The Budget Speech makes no reference to the payments to the Southern African Customs Union (Sacu), projected at R48.3-billion in 2018/19. The Sacu payments are expected to increase to R60.1-billion in 2020/21. As a matter of interest, in 2017/18, the Sacu payments totalled R55.9-billion, a 41.8% increase on 2016/17. Just imagine if South Africa did not have to pay these amounts.

Interestingly, the Budget Speech and its related documents make no reference to ‘deindustrialisation’ or ‘reindustrialisation’, although, strangely, it does reference ‘industrialisation’ in two instances.

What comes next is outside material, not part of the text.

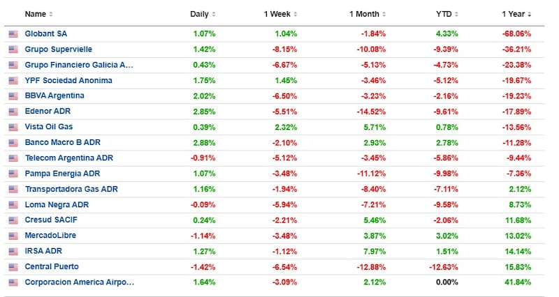 En cambio, acciones como Corporación America, Central Puerto, IRSA, Cresud, MercadoLibre, Loma Negra y TGS, evidencian ganancias de entre 2% y 40% en el ultimo año.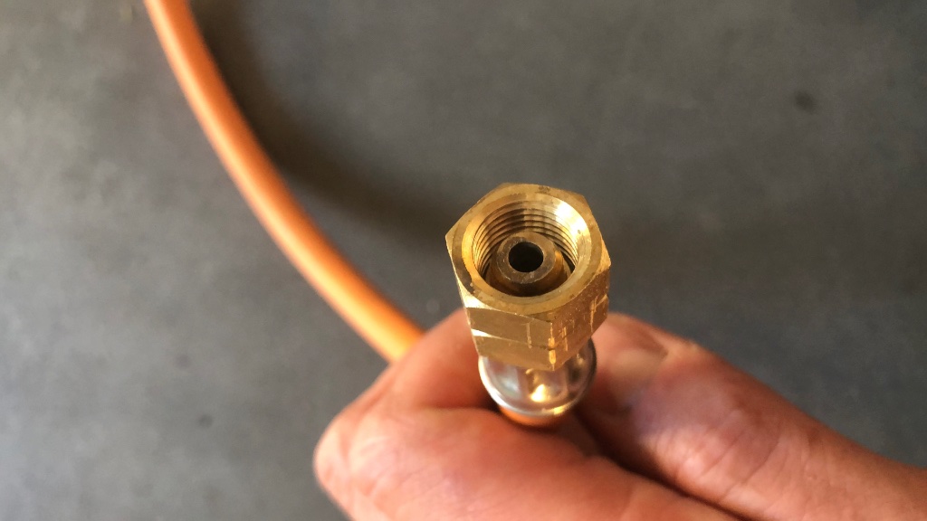 Aan de gasfleskant een wartel met linkse draad en aan de wagenkant een knelkoppeling. Een wartel met linkse draad herken je aan de groef die rondom de wartel zit.

For the Economic Competitiveness and Support Package, and then, “the policy of this government to leverage public procurement to support black economic empowerment, industrialisation and development of small businesses”.

The reality is that South Africa is on an unrelenting trajectory of deindustrialisation, something which is a symptom of democratic South Africa and which public procurement could do little to correct.

Rather than managing its expenditure, government is addressing revenue collection. It echoes, with poetic licence, Darth Vader’s words: “Come to the dark side, we impose taxes.”